Awesome

Llama_tw

Prepare data

While we cannot release our data due to our policy, we do provide our data preprocessing script. You can follow these steps:

Execute the data/split_data.py script to obtain a subset from the original dataset. Here's an example of splitting a 1B subset from the Traditional Chinese Dataset.

python3 split_data.py --dataset_path pretrain_cht_test.jsonl --output_path pretrain_cht_test_1B.jsonl --split_length 1000000000

Run the data/preprocess_dataset.py script to convert the JSONL file into a HuggingFace dataset."

python3 preprocess_dataset.py --dataset_path pretrain_cht_test_1B.jsonl --output_path pretrain_cht_test_1B

Continual Pretraining

For our continual pretraining, we make use of DeepSpeed Integration with the HuggingFace Trainer. Here is the tutorial.

Claimer: We do not employ flash attention in our continual pretraining due to the tensor core and instruction issues with the V100.

Please begin by checking the configs/pretrain/llama_2.py file. After reviewing the configuration files, you can pretrain your own llama model by executing the llama_pretrain.py script.

Default

Here is an example of pretraining Llama-2-7b-chat on the 1B Traditional Chinese Dataset.

python -m torch.distributed.run --nproc_per_node $GPUS_PER_NODE --nnodes $SLURM_NNODES \
--node_rank $SLURM_PROCID --master_addr $MASTER_ADDR --master_port $MASTER_PORT llama_pretrain.py \ 
--model_name meta-llama/Llama-2-7b-chat-hf --dataset_path ./data/pretrain_cht_test_1B \
--run_name llama-2-7b-chat-zh1B --output_dir ./results/llama-2-7b-chat-zh1B

Freeze layers

Here is an example of pretraining Llama-2-7b-chat on the 1B Traditional Chinese Dataset while freezing the first 10 layers of Llama-2-7b-chat.

python -m torch.distributed.run --nproc_per_node $GPUS_PER_NODE --nnodes $SLURM_NNODES \
--node_rank $SLURM_PROCID --master_addr $MASTER_ADDR --master_port $MASTER_PORT llama_pretrain.py \
--model_name meta-llama/Llama-2-7b-chat-hf --dataset_path ./data/pretrain_cht_test_1B \
--freeze_layers 0 1 2 3 4 5 6 7 8 9 \
--run_name llama-2-7b-chat-zh1B-freeze-first-10 --output_dir ./results/llama-2-7b-chat-zh1B-freeze-first-10

Freeze modules

To freeze the weights of specific modules, you should include additional code in the llama_pretrain.py script. Here is an example of pretraining Llama-2-7b-chat on the 1B Traditional Chinese Dataset while freezing mlp modules

First, add the following code to the llama_pretrain.py script.

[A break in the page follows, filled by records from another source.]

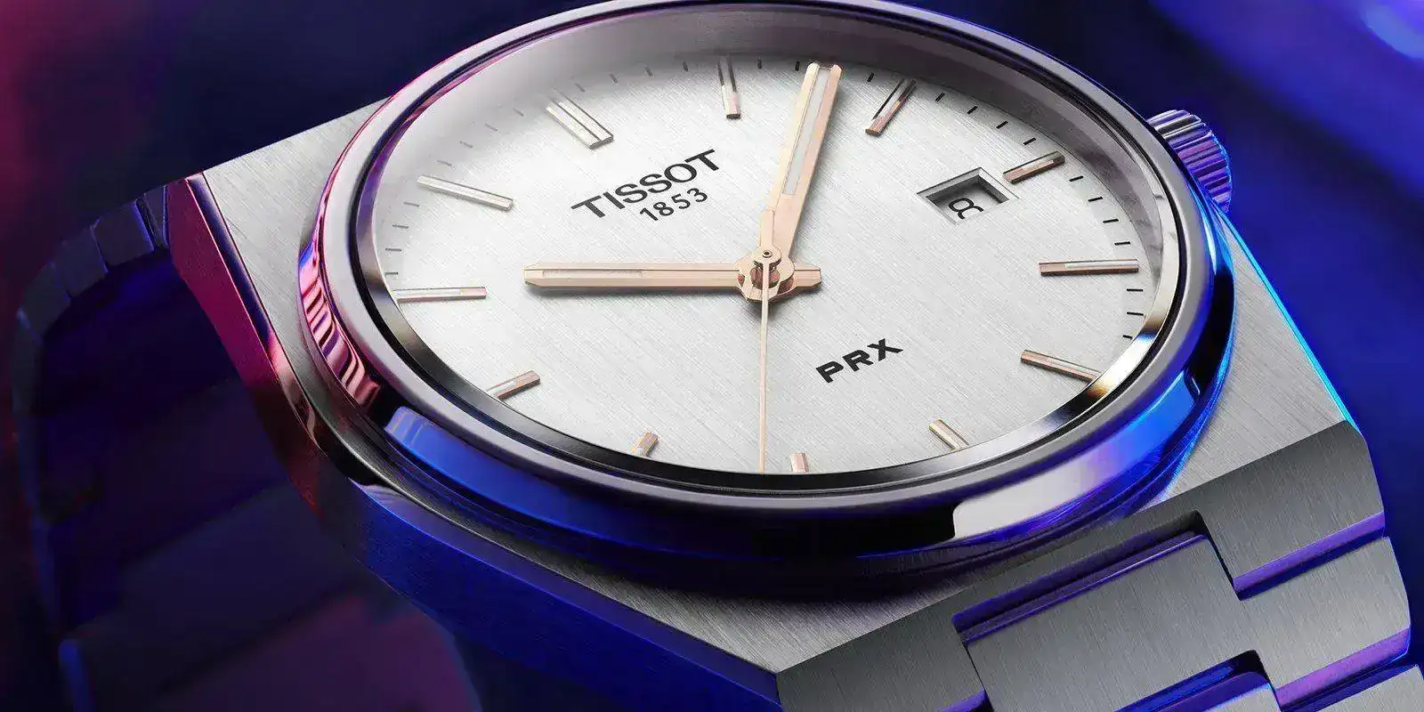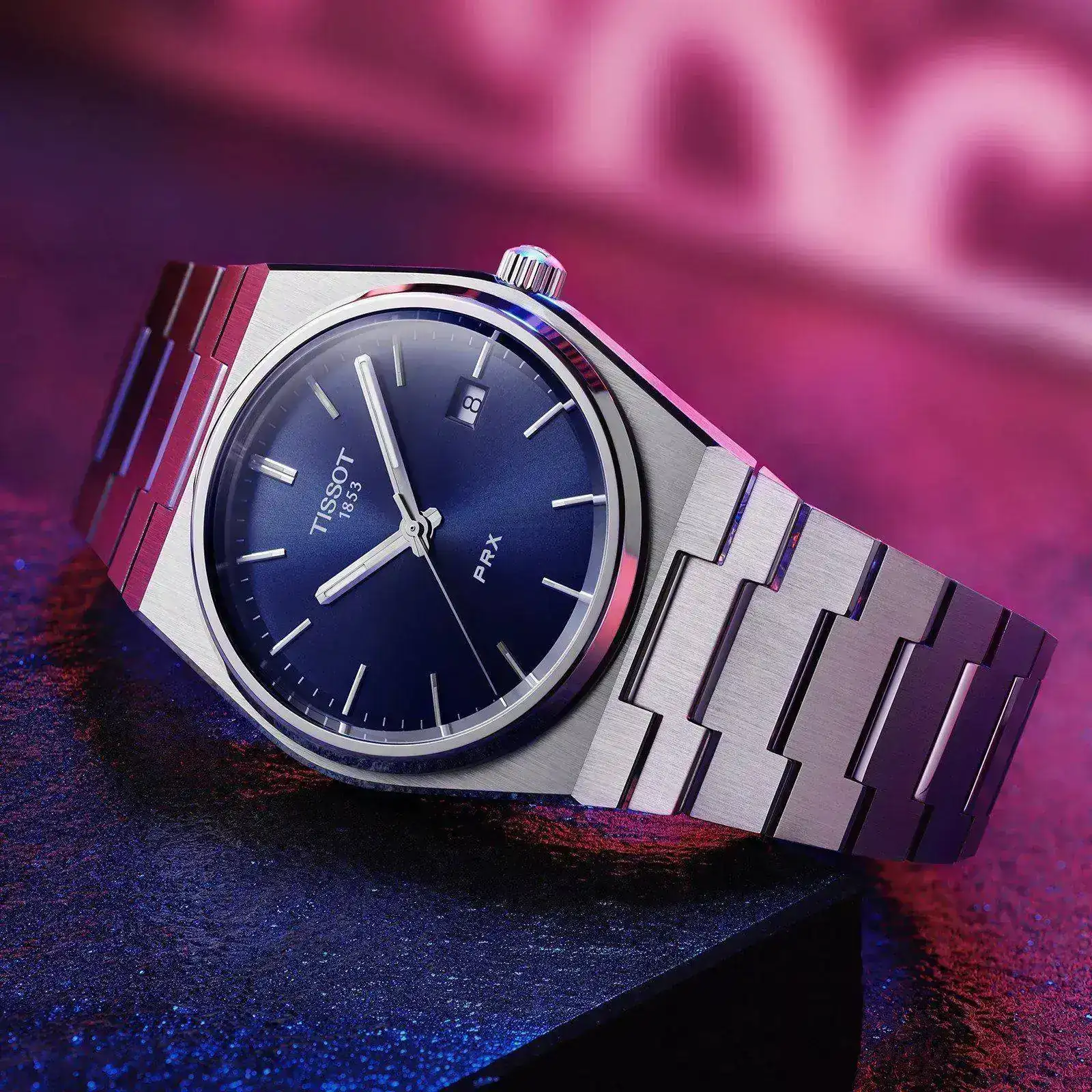En 1978, Tissot crea un modelo de cuarzo con una caja y unos índices finos y una pulsera de acero. Su ancho eslabón transversal, típico de los diseños de la época, se fusionaba perfectamente con la caja plana en forma de tonel. Unos años más tarde, Tissot patenta el nombre PRX. Las letras «PR» corresponden a «preciso» y «resistente». Por su parte, la «X» designaba, en números romanos, las diez atmósferas de profundidad que era capaz de resistir el reloj, hermético hasta 100 metros.
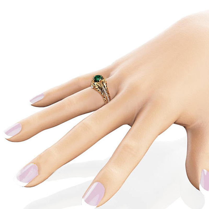 Hot jewelry European and American popular emerald green zircon diamond ring women's fashion luxury engagement ring jewelry
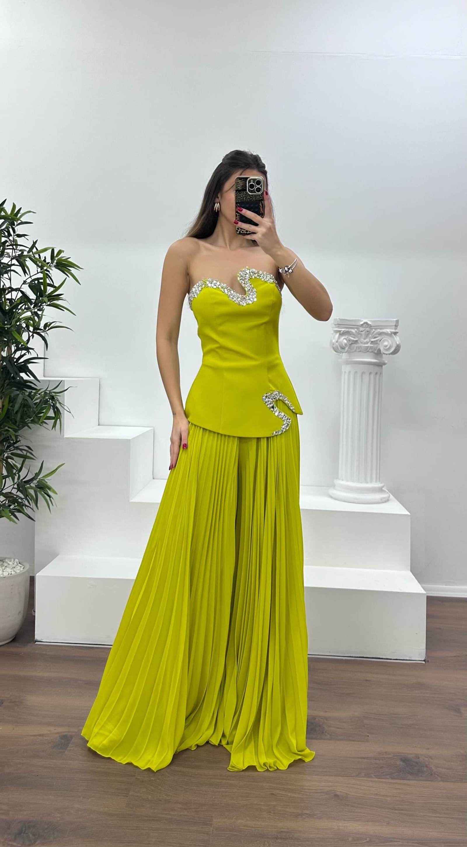 • Fıstık Yeşili Straplez  Asimetrik Desen Taşlı Abiye Tulum
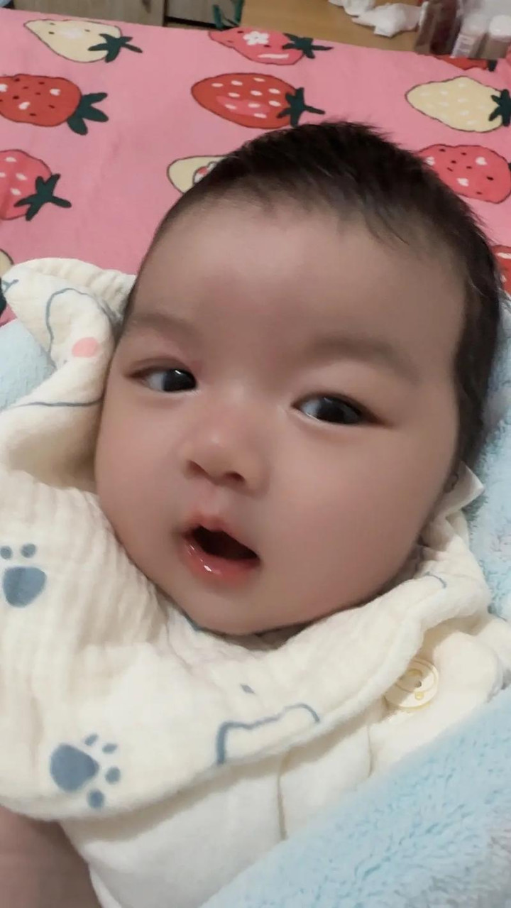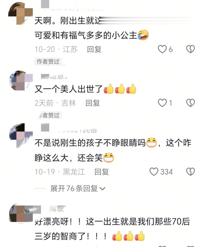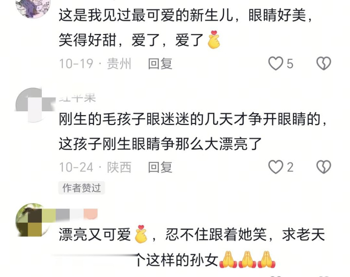 一个陕西的网友说:刚出生的毛孩子眼眯着的,几天才睁开眼睛,这孩子刚生眼睛睁得这么大了,太漂亮了。
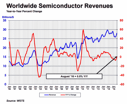 【產(chǎn)通社,10月25日訊】美國半導體產(chǎn)業(yè)協(xié)會(Semiconductor Industry Association, SIA)官網(wǎng)消息,2016年8月全球半導體平均銷售額為280.34億美元,較7月279億美元成長3.5%,這是2013年5月以來最大的月度增幅;較2015年同期278.84億美元,成長0.5%,是自2015年6月以來實現(xiàn)的首次年度月增幅,也終止了市場連續(xù)13個月年減的疲態(tài)。 SIA總裁兼CEO John Neuffer聲明稿指出,全球半導體銷售經(jīng)歷好幾個月的低迷之后,近來出現(xiàn)反彈跡象,8月份有了強勁成長。其中尤以美洲地區(qū)的表現(xiàn)最令人振奮,將近3年來第一次出現(xiàn)6%成長率,增幅領(lǐng)先各地區(qū)?偟膩碚f,隨著2017年臨近,今年全球銷售仍不及2015年,但是似乎朝正確軌道前進。   分區(qū)而言,和前月相比,美洲銷售上揚6.3%、日本增加4.8%、中國攀升3.1%,亞太/其他地區(qū)走高2.7%,歐洲揚升0.7%。和2015年同期相比,中國大增7.1%、日本提高2.2%;其他地區(qū)則下滑,亞太/其他地區(qū)減少2.7%、美洲萎縮3.1%、歐洲降低3.3%。 查詢進一步信息,請訪問官方網(wǎng)站 http://www.semiconductors.org/industry_statistics/wsts_subscription_package/。
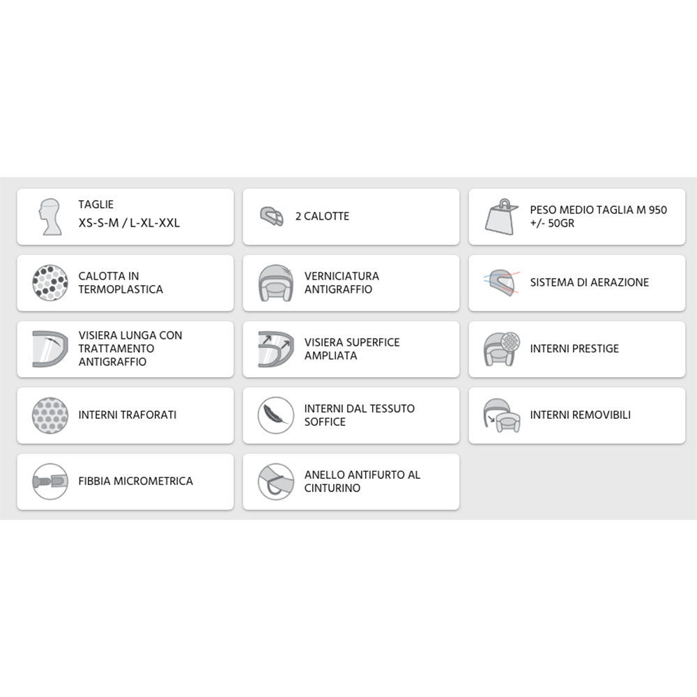 Le Casque Jet 107 pour Scooters, Motos et Quads est le modèle de référence de la marque CGM , il est plutôt opaque et enveloppant mais à la fois extrêmement compact et léger. Casque ergonomique et confortable, il est réalisé en deux tailles de coque en matière thermoplastique pour offrir un ajustement et un confort optimaux pour toutes les tailles. Le système de ventilation Air Stream System avec prise d'air centrale et extracteur arrière est complété par des intérieurs perforés enrichis de treillis métallique pour le passage de l'air. La longue visière a un bord supérieur incliné qui recouvre le joint avant et assure un meilleur ajustement.
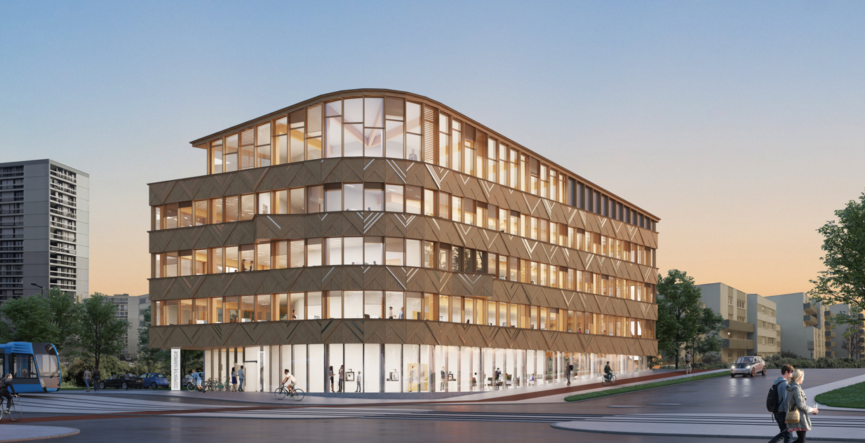 • Niveau carbone C1 et atteinte du niveau 2 du label Biosourcé, avec mise en œuvre de planches mixtes bois/béton et de façades à ossature bois
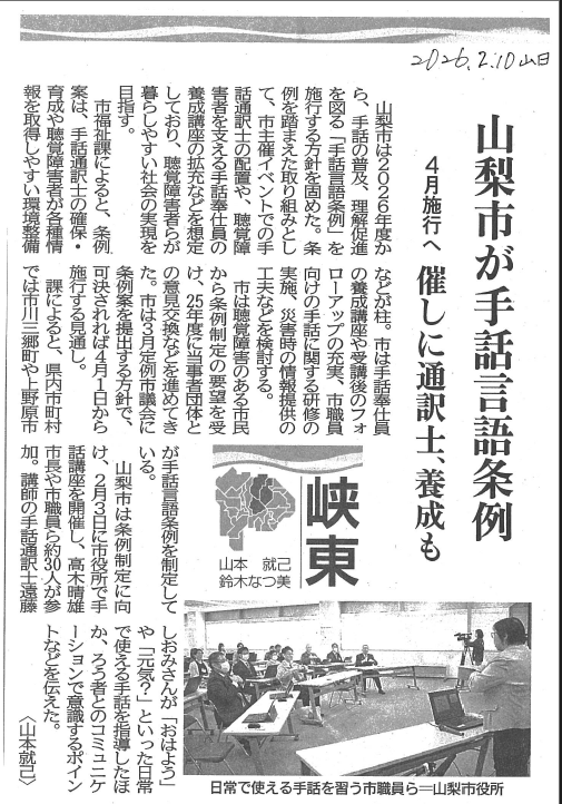 208. 山梨市では、「手話は言語である」との考えのもと、手話への理解と普及を図ることを目指す「山梨市手話言語条例」の制定に向けて協議を進めています。山梨市聴覚障害者協会・手話サークル関係者が「やっと成立して、とてもうれしい。手話言語を理解する人が増えてほしい」と喜んでいます。
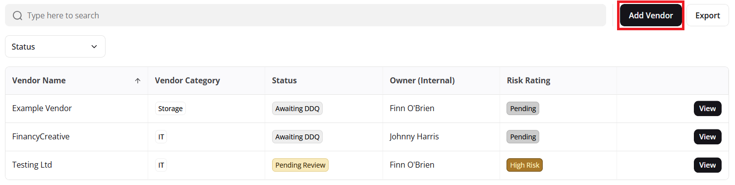 Once you have navigated to the Vendor Risk Management area, you will see a page similar to the following:
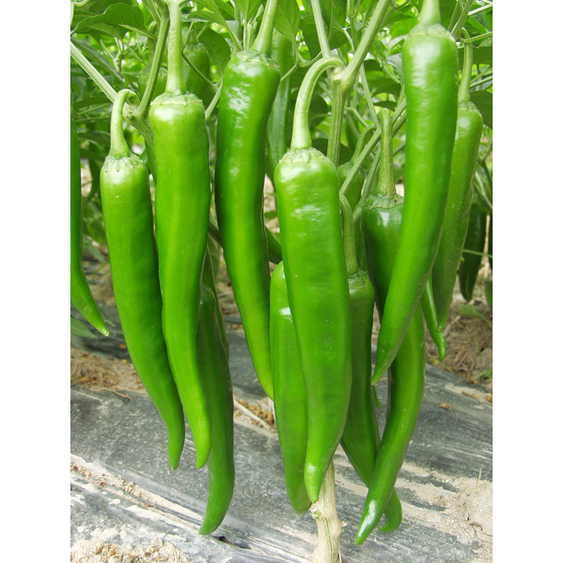 植株生长势中等,叶片小,首花节位10-12节,连续坐果能力强,果实长棒牛角形,果皮绿色,果长19-22cm,果径3.2-3.5cm,果肉厚0.3cm。单果重55-62g,辣味中等,果皮光滑,顺直无皱,果形整齐,耐贮运。耐湿热,抗病毒病,适应性广。

for idx in range(len(model.model.layers)):
    for param in model.model.layers[idx].mlp.parameters():
    	param.requires_grad = False

After making these changes, proceed to execute the llama_pretrain.py script.

python -m torch.distributed.run --nproc_per_node $GPUS_PER_NODE --nnodes $SLURM_NNODES \
--node_rank $SLURM_PROCID --master_addr $MASTER_ADDR --master_port $MASTER_PORT llama_pretrain.py \
--model_name meta-llama/Llama-2-7b-chat-hf --dataset_path ./data/pretrain_cht_test_1B \
--run_name llama-2-7b-chat-zh1B-freeze-mlp --output_dir ./results/llama-2-7b-chat-zh1B-freeze-mlp

Adapter

We use PEFT to implement continual pretraining for Llama with adapters. You can choose to pretrain your Llama model with LORA, and IA3. For further information, please check the configs/pretrain/peft.py file. During continual pretraining with an adapter, only the adapter weights will be saved. The model weights will not be saved. Here is an example of pretraining Llama-2-7b-chat with LORA adapter on the 1B Traditional Chinese Dataset.

python -m torch.distributed.run --nproc_per_node $GPUS_PER_NODE --nnodes $SLURM_NNODES \
--node_rank $SLURM_PROCID --master_addr $MASTER_ADDR --master_port $MASTER_PORT llama_pretrain.py \
--model_name meta-llama/Llama-2-7b-chat-hf --dataset_path ./data/pretrain_cht_test_1B \
--use_peft=True --peft_method LORA \
--run_name llama-2-7b-chat-zh1B-lora --output_dir ./results/llama-2-7b-chat-zh1B-lora

Caution

When conducting continual pretraining, the add_eos_token parameter in our tokenizer will be set to True. If you are performing inference on a model checkpoint in the middle of the training process, please ensure that you check your tokenizer_config.json file and set add_eos_token to False during inference.

Inference

We also provide the inference.py script for executing inferences with our model. We utilize vLLM to improve inference speed. You can customize the prompts inside the script according to your requirements. Here is an example of using the inference.py script.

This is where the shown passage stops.